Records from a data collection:

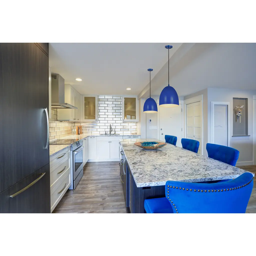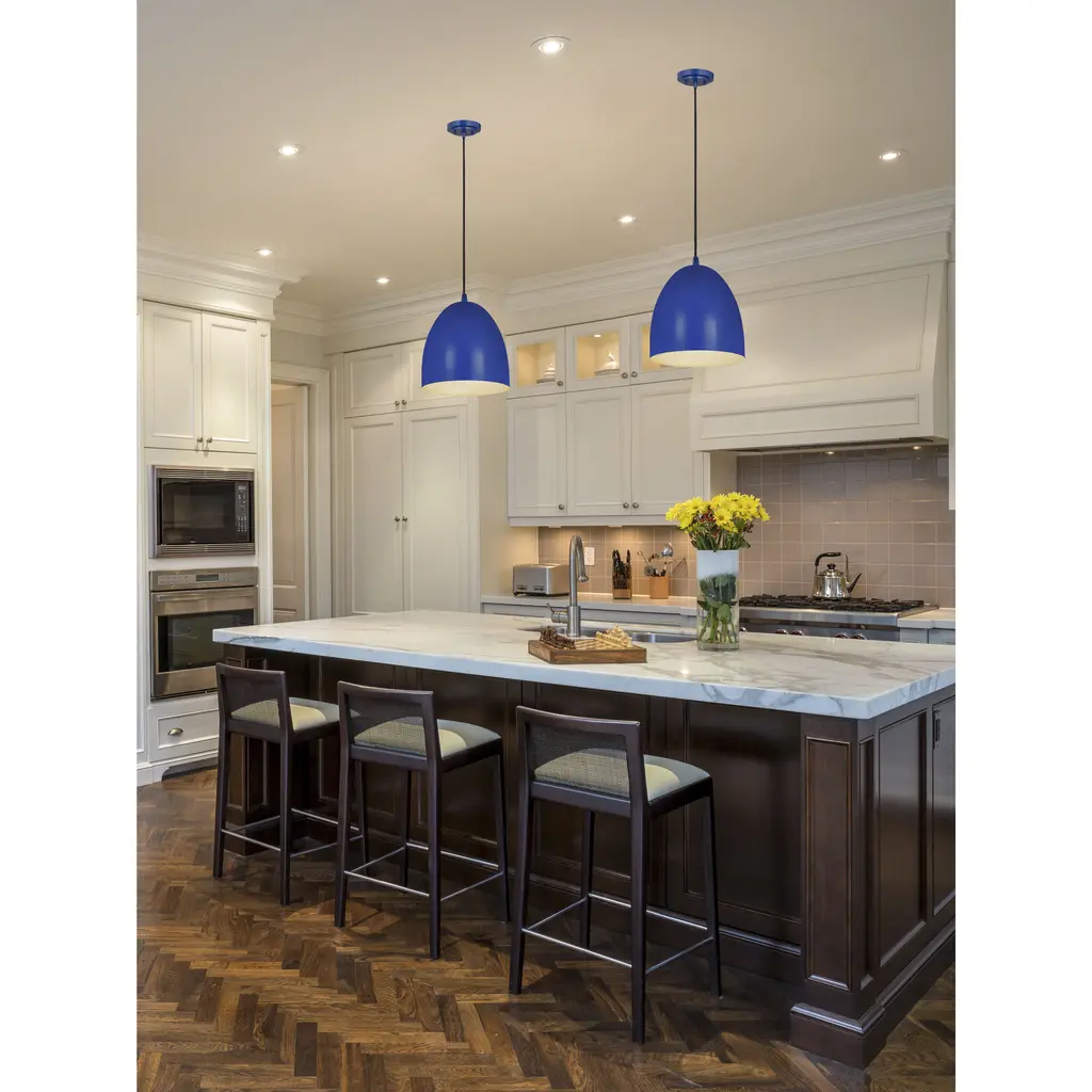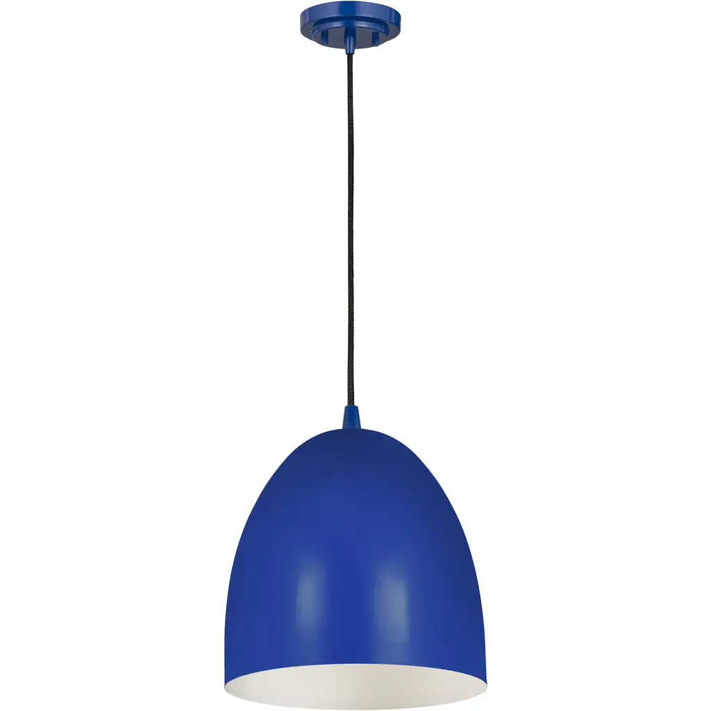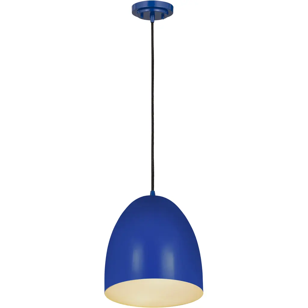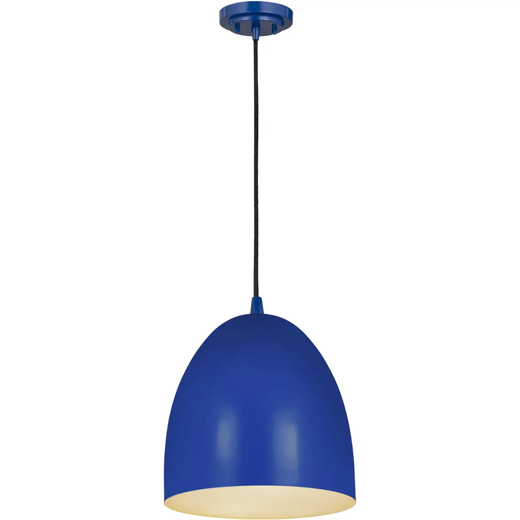 Solve lighting challenges in compact spaces with a cheeky, Mid-Century Modern style fixture that becomes part of a design scheme. The Z Studio Dome pendant brings targeted lighting to casual nooks and reading spaces, bedrooms and kitchens. With a farmhouse feel, this versatile dome-style pendant offers a bright blue finish iron shade and matching canopy, as a charming braided black cord adds finishing touches.
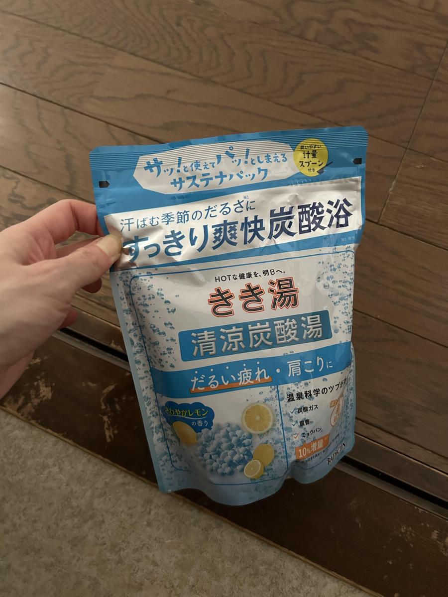 ドラッグストアで入浴剤を探していたらきき湯シリーズの清涼炭酸湯 さわやかなレモンが通常よりチラシが価格で少し安くなってたので購入してみました。爽やかなクリアブルーとレモンの香りで爽やかな感じで入浴出来てよかったです。
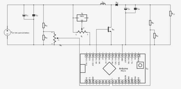 - Retroalimentación de refuerzo: queremos que el Arduino para saber lo que el sistema es la salida, de esa manera puede asegurar la estancia de voltaje a la tensión del usuario elegido. Arduino puede leer tensiones de 0V a 5V. Utilizamos un divisor de tensión para soltar la tensión de salida desde un potencial 20V a 5V. El Arduino ahora puede leer este valor en e interpretarlo.
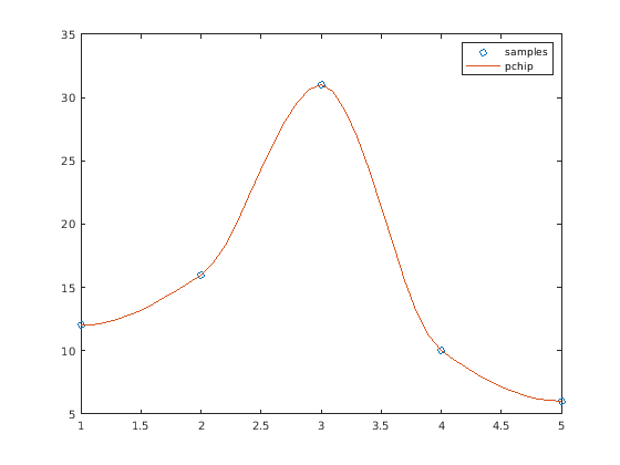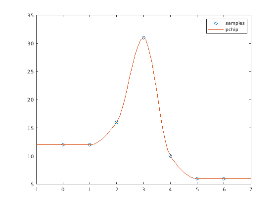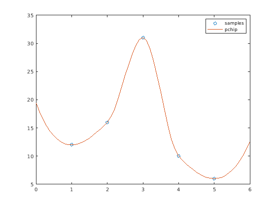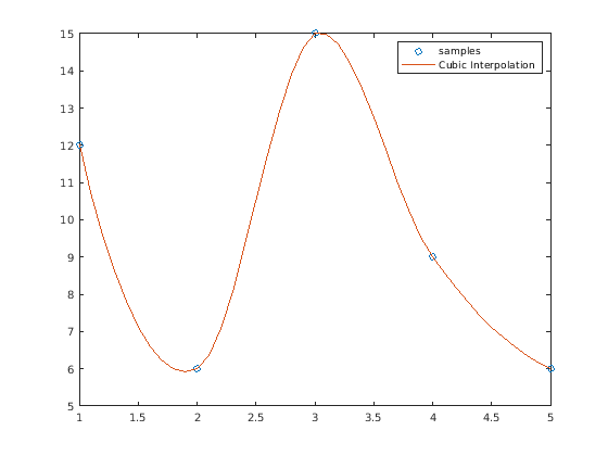 plot(X,V,'o'); hold on plot(Xq,Vq,'-'); legend('samples','Cubic Interpolation');
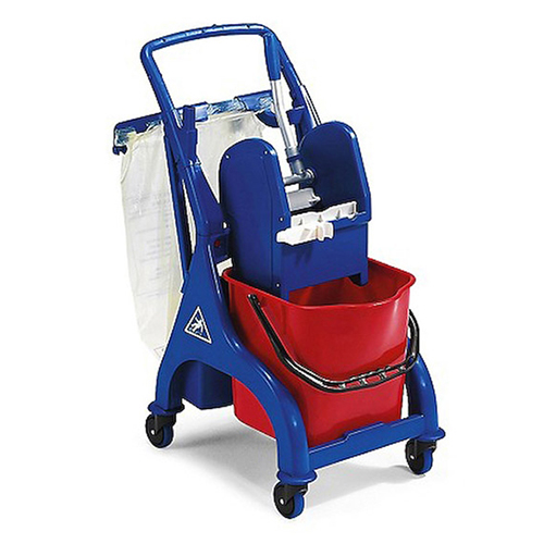 Уборочная тележка "VEGA" представляет собой единую пластиковую раму с колесами диаметром 80мм и ведром объемом 25л. U-образная ручка тележки имеет дополнительные элементы, усиливающие конструкцию. Тележка оборудована отжимающим устройством роликового типа с валом 53мм. "Deep" без дна., держателем для мусорных пакетов (объем пакета 60л) и пластиковым крюком.
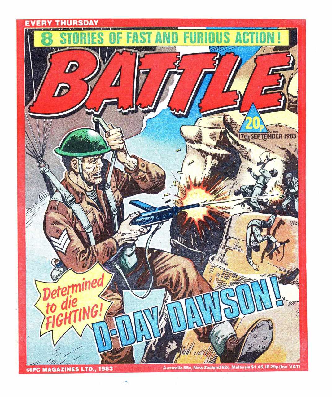Battle was a weekly British publication for boys with stories about war. There were 664* weekly issues (from 1975 to 1988) until the title merged with Eagle (issue 306).
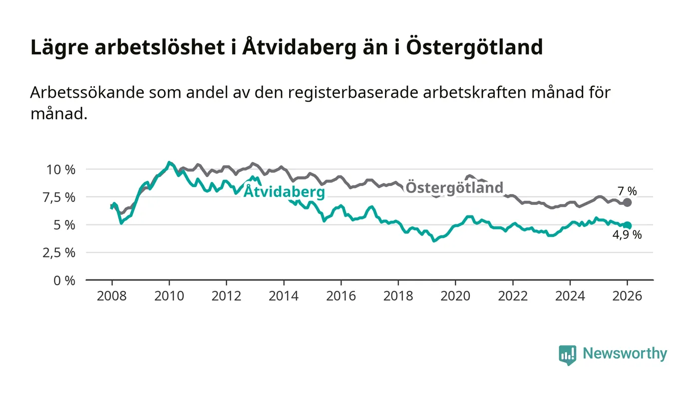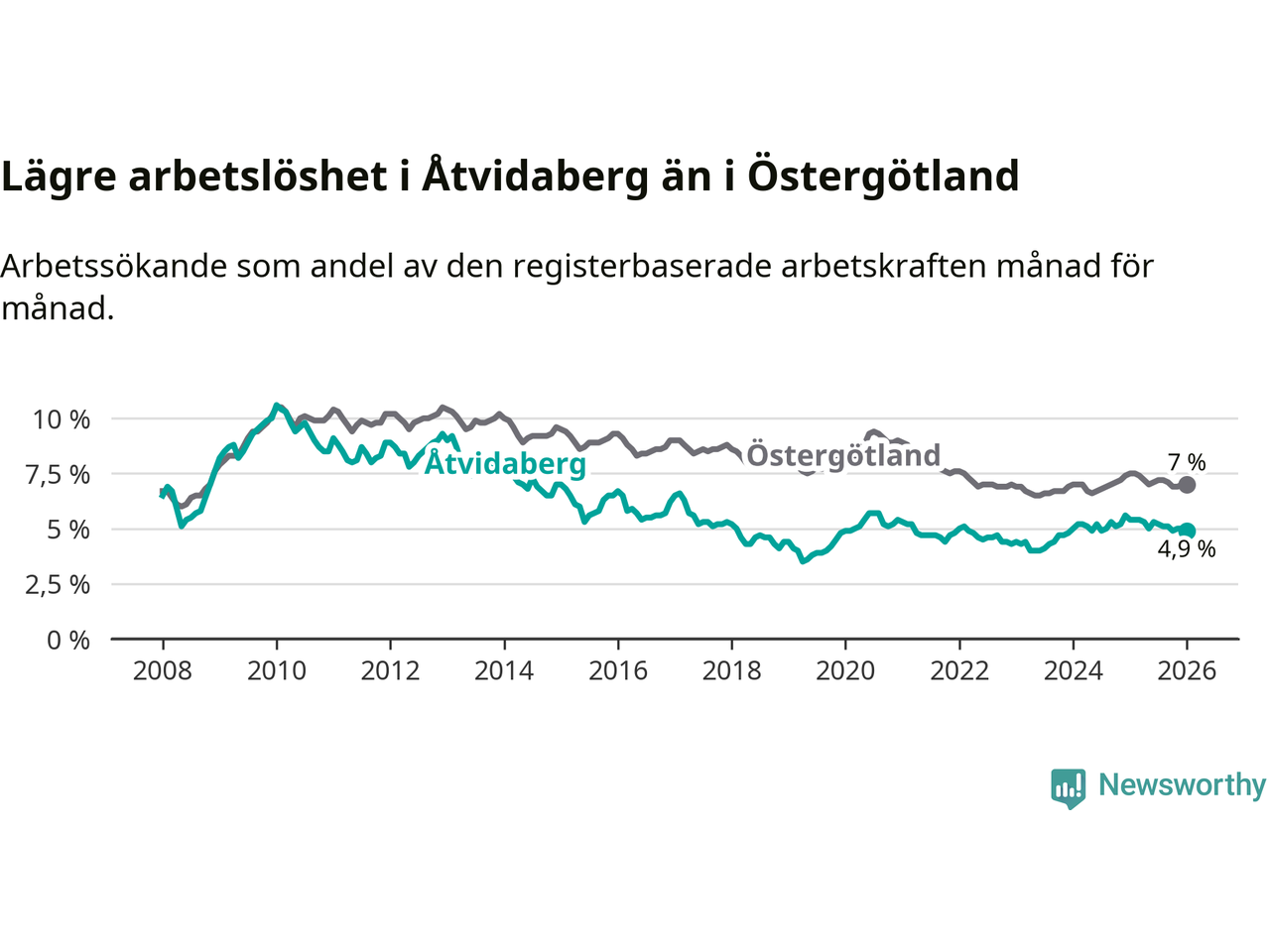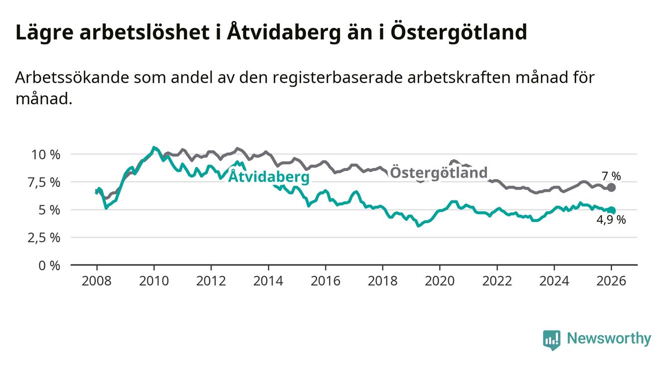 Under januari månad rapporterade Åtvidabergs kommun en total arbetslöshet på 4,9 procent. Det är en minskning jämfört med samma tidpunkt i fjol (−0,5 procentenheter). Även i Östergötlands län sjunker arbetslösheten .
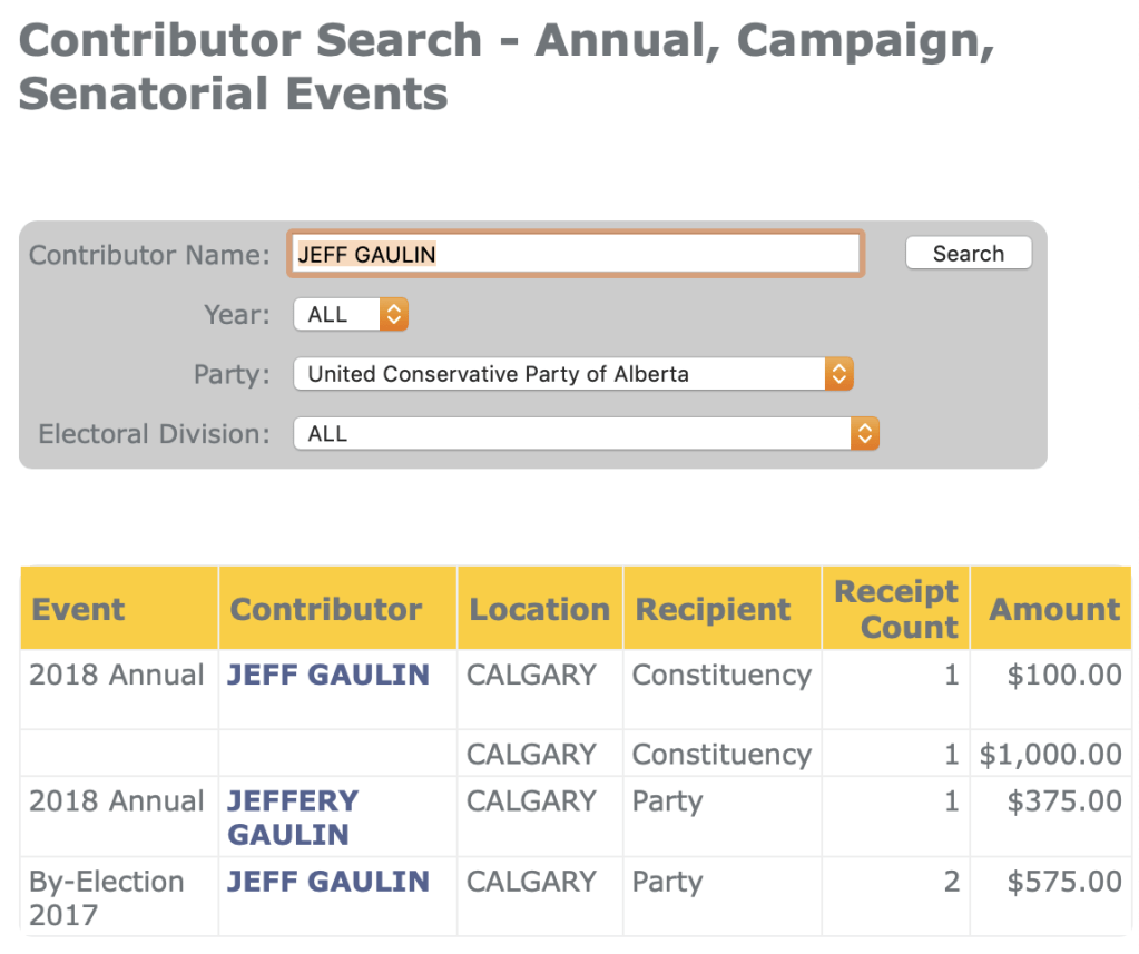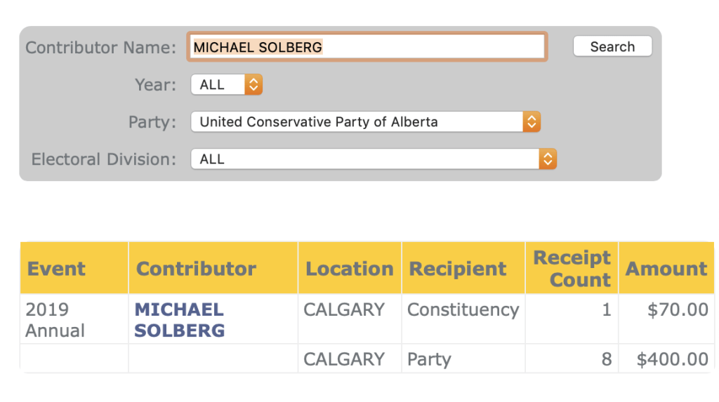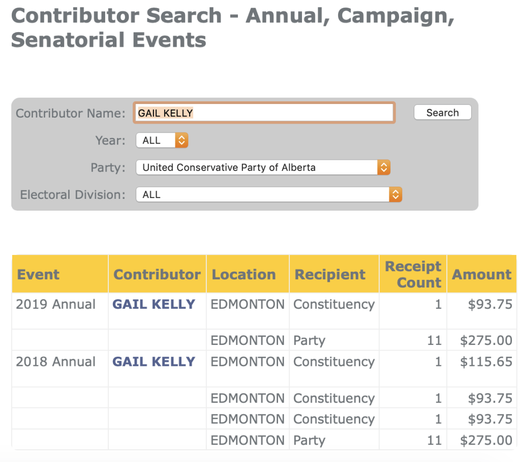 A list of political contributions by vaping and tobacco companies to the United Conservative Party.

_Task:_ Word for word, restate the lines from the one containing "и пластиковым крюком." through the end of the entries. Do not include pictures.

_Exercise answer:_
 Уборочная тележка "VEGA" представляет собой единую пластиковую раму с колесами диаметром 80мм и ведром объемом 25л. U-образная ручка тележки имеет дополнительные элементы, усиливающие конструкцию. Тележка оборудована отжимающим устройством роликового типа с валом 53мм. "Deep" без дна., держателем для мусорных пакетов (объем пакета 60л) и пластиковым крюком.
Battle was a weekly British publication for boys with stories about war. There were 664* weekly issues (from 1975 to 1988) until the title merged with Eagle (issue 306).
 Under januari månad rapporterade Åtvidabergs kommun en total arbetslöshet på 4,9 procent. Det är en minskning jämfört med samma tidpunkt i fjol (−0,5 procentenheter). Även i Östergötlands län sjunker arbetslösheten .
 A list of political contributions by vaping and tobacco companies to the United Conservative Party.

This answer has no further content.